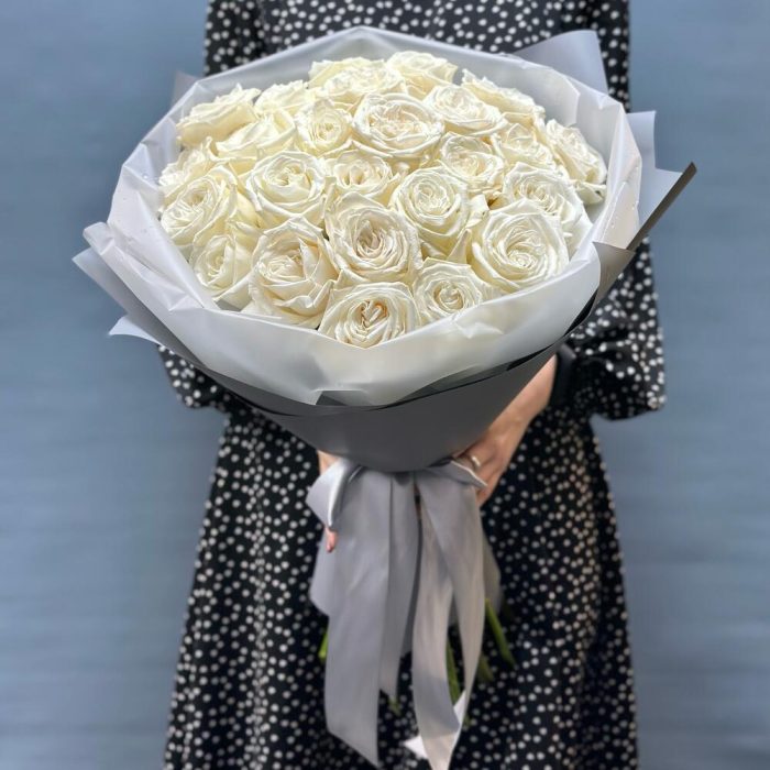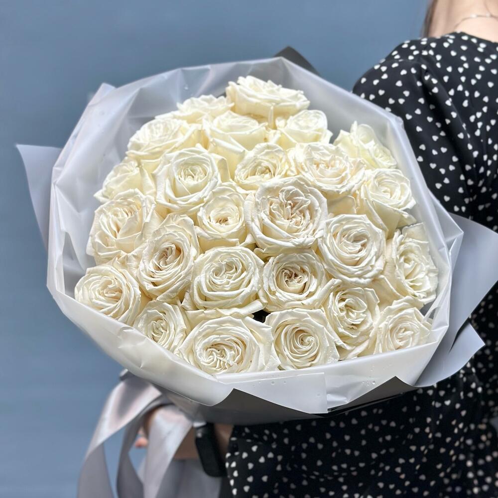 роза пионовидная плая бланка – 25 шт.Тишью белое – 1 шт.Дизайнерская упаковка – 1 шт.Лента атласная – 2 шт.
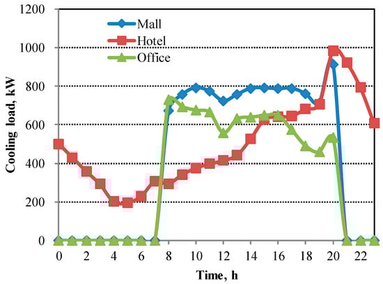 Two additional buildings in Beijing, namely a shopping mall and an office building, are selected for comparison with the hotel building and for analyzing the application of the solar cooling system in different buildings. The hourly cooling loads are shown in Figure 11, and the simulation results are listed in Table 6.
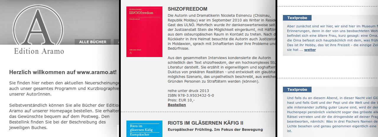 Die Website - leicht zu finden unter www.aramo.at - bietet unter anderem:» Textproben aller Aramo-Bücher
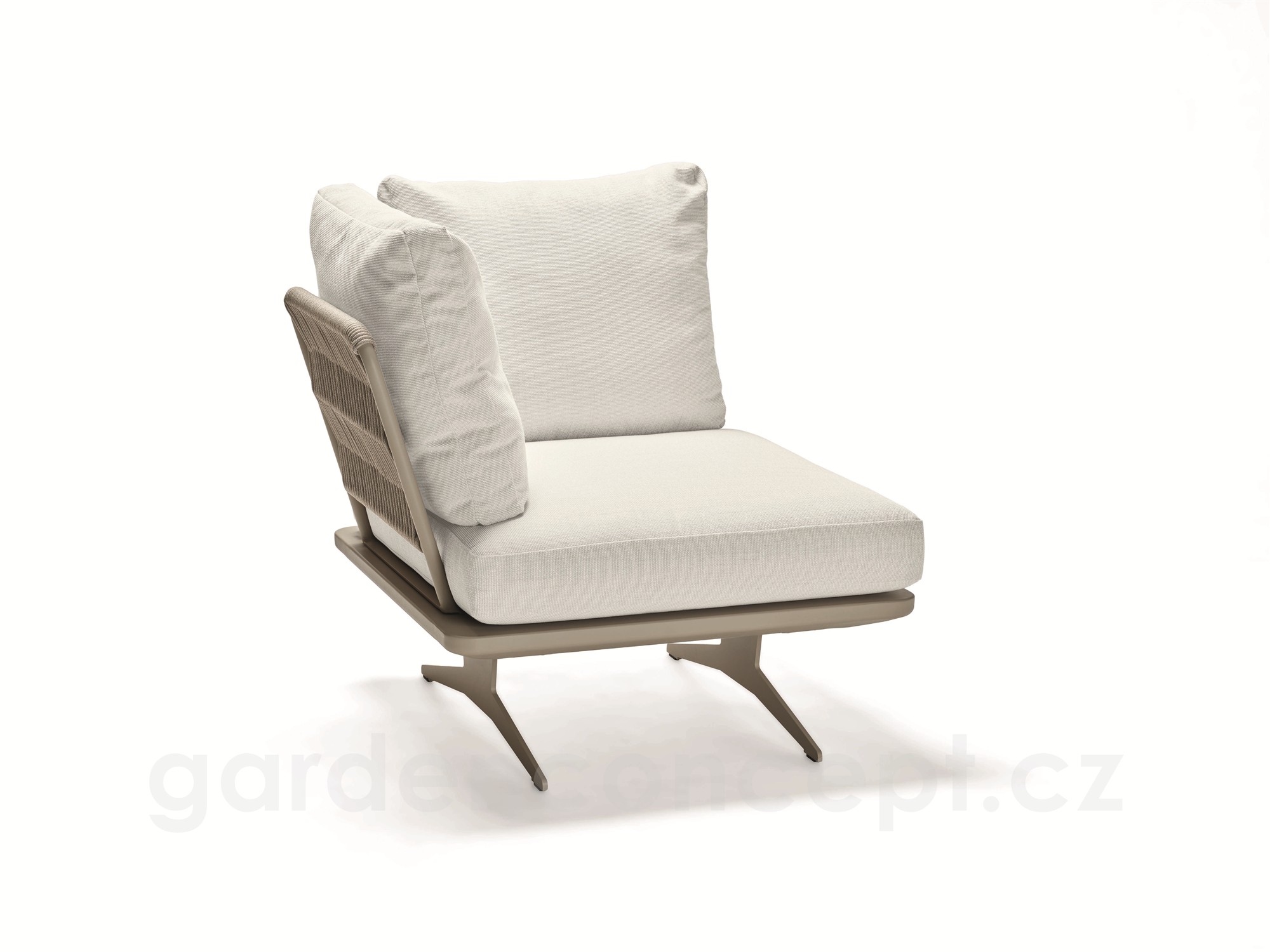 Rohový díl 1-místný Enya 95x95x85 cm, Stern, rám hliník barva Greige, vč. zádových opěrek s lankem Greige (2ks), sedák a polštáře (2ks) potah Ivory (100% akryl)
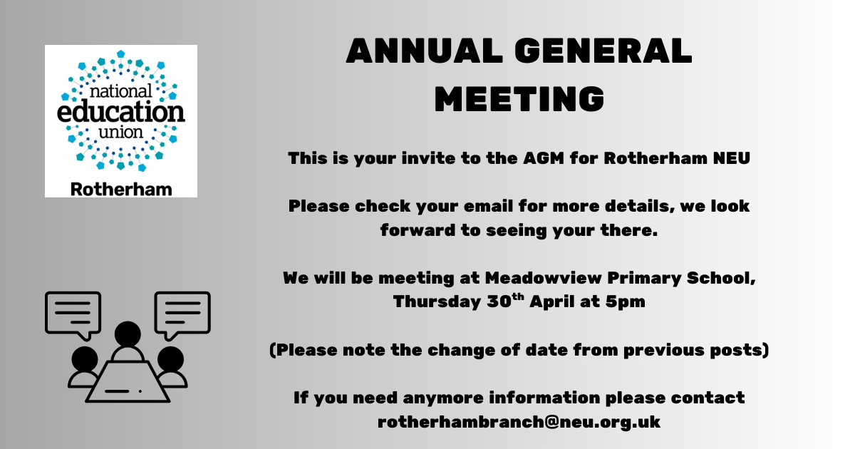 A change of date for the Rotherham NEU AGM – we will now meet on Thursday 30th April – check out our social media posts for more details.
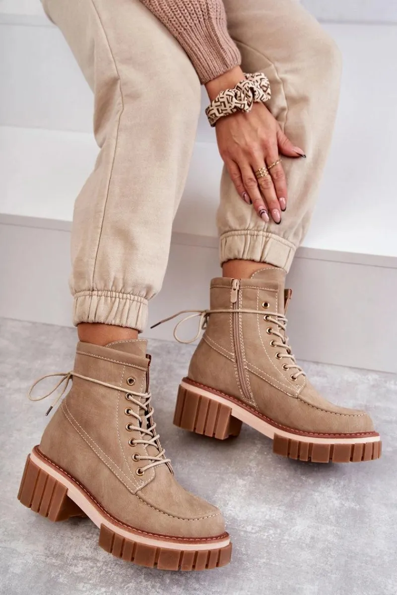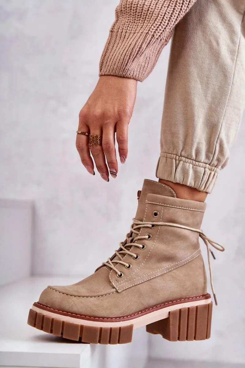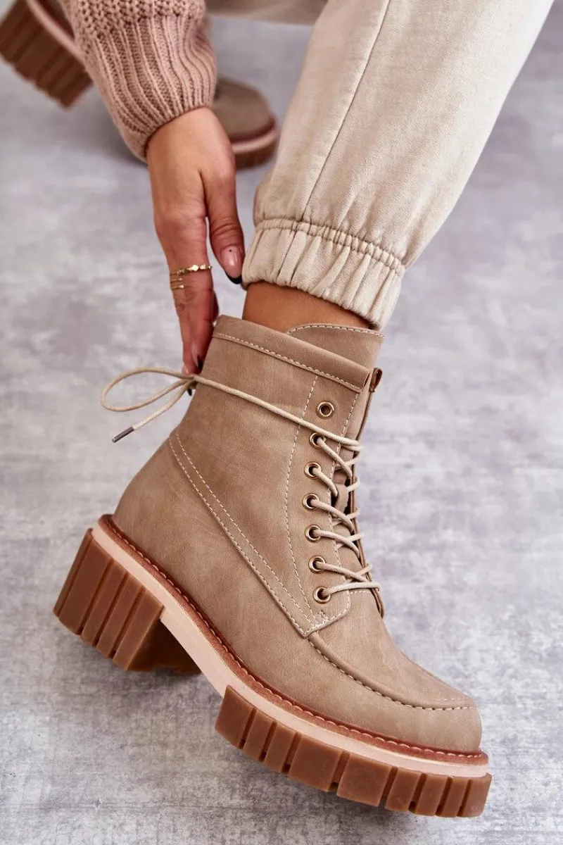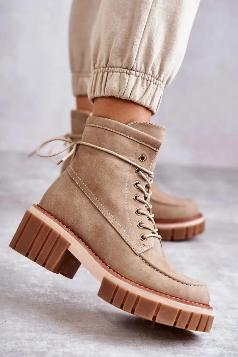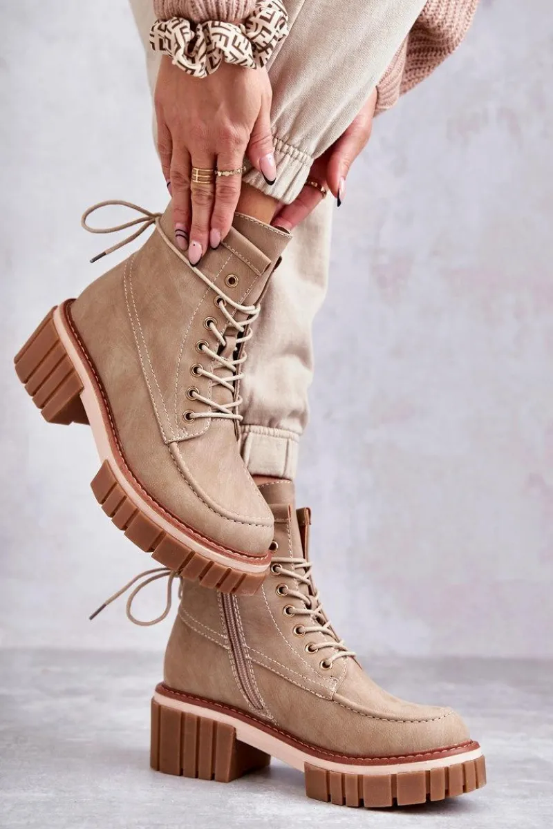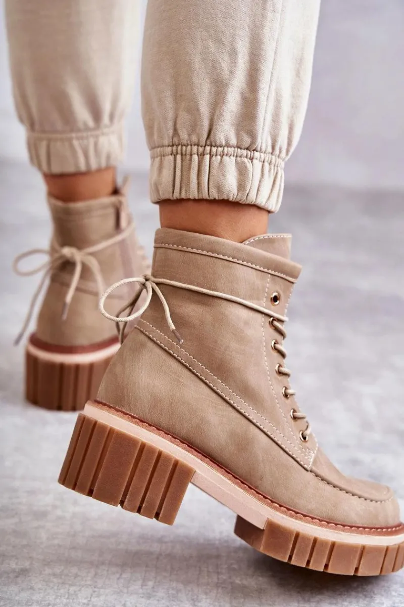 Wyjątkowe trapery damskie świetnie sprawdzą się w sezonie jesienno-zimowym. Wykonane z wysokiej jakości eko skóry. Modne przeszycia na cholewce. Botki osadzone na masywnej platformie i płaskim obcasie ze żłobieniami po bokach oraz obszytą nicią podeszwą. Ocieplone miłym w dotyku kocem obuwniczym. Podeszwa jest antypoślizgowa. Przy wyborze rozmiaru prosimy sugerować się tabelą rozmiarów.

---

About this exercise: When you come to the line containing "Two additional buildings" in the records above, repeat that line and all lines after it exactly, but not the pictures.

Response for this exercise:
 Two additional buildings in Beijing, namely a shopping mall and an office building, are selected for comparison with the hotel building and for analyzing the application of the solar cooling system in different buildings. The hourly cooling loads are shown in Figure 11, and the simulation results are listed in Table 6.
 Die Website - leicht zu finden unter www.aramo.at - bietet unter anderem:» Textproben aller Aramo-Bücher
 Rohový díl 1-místný Enya 95x95x85 cm, Stern, rám hliník barva Greige, vč. zádových opěrek s lankem Greige (2ks), sedák a polštáře (2ks) potah Ivory (100% akryl)
 A change of date for the Rotherham NEU AGM – we will now meet on Thursday 30th April – check out our social media posts for more details.
 Wyjątkowe trapery damskie świetnie sprawdzą się w sezonie jesienno-zimowym. Wykonane z wysokiej jakości eko skóry. Modne przeszycia na cholewce. Botki osadzone na masywnej platformie i płaskim obcasie ze żłobieniami po bokach oraz obszytą nicią podeszwą. Ocieplone miłym w dotyku kocem obuwniczym. Podeszwa jest antypoślizgowa. Przy wyborze rozmiaru prosimy sugerować się tabelą rozmiarów.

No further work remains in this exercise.